RANDHEX=`openssl rand -hex 32`
echo $RANDHEX
Create config.yaml
echo "proxy:" > config.yaml
echo " secretToken: '$RANDHEX'" >> config.yaml
cat config.yaml
Let’s add the JupyterHub helm repository to your helm, so you can install JupyterHub from it.
This makes it easy to refer to the JupyterHub chart without having to use a long URL each time.

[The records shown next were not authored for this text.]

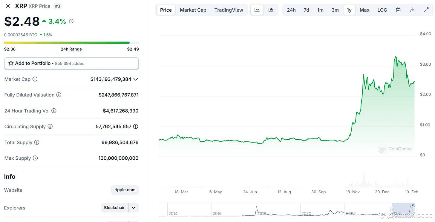 Biến động giá XRP trong 1 năm qua. Nguồn: CoinGecko (13/02/2025)
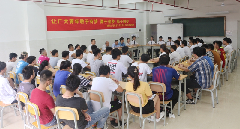 航海工程系主任唐锋结合工作实际发表了个人观点和看法。他认为,大学生应认真学习领会习近平总书记重要讲话,大学是青年学生长知识、长才干的关键时期,青年学生要有期待和梦想,不畏摔打、挫折、考验,努力学习,让青春无悔。
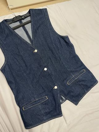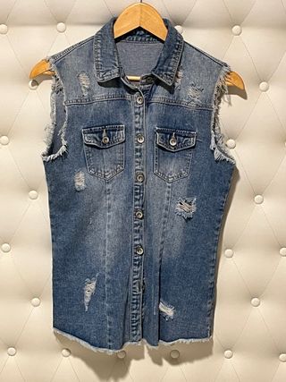 Chaleco vaquero con un estilo moderno y desgastado. - Diseño sin mangas. - Bolsillos en el pecho. - Cierre de botones. - Detalles rasgados.

helm repo add jupyterhub https://jupyterhub.github.io/helm-chart/
helm repo update
Now you can install the chart!
Run this command from the directory that contains the config.yaml file to spin up JupyterHub:
Save variables for Helm.
G_KUBE_CURCONT=`kubectl config current-context`
echo $G_KUBE_CURCONT
echo "# The Google Cloud Kubernetes current context " >> 01_vars.sh
echo "G_KUBE_CURCONT=$G_KUBE_CURCONT" >> 01_vars.sh
G_KUBE_NAMESPACE=$G_PROJECT_NAME
echo $G_KUBE_NAMESPACE
echo "# The Google Cloud Kubernetes namespace " >> 01_vars.sh
echo "G_KUBE_NAMESPACE=$G_KUBE_NAMESPACE" >> 01_vars.sh
# The relase name must NOT contain underscores "_"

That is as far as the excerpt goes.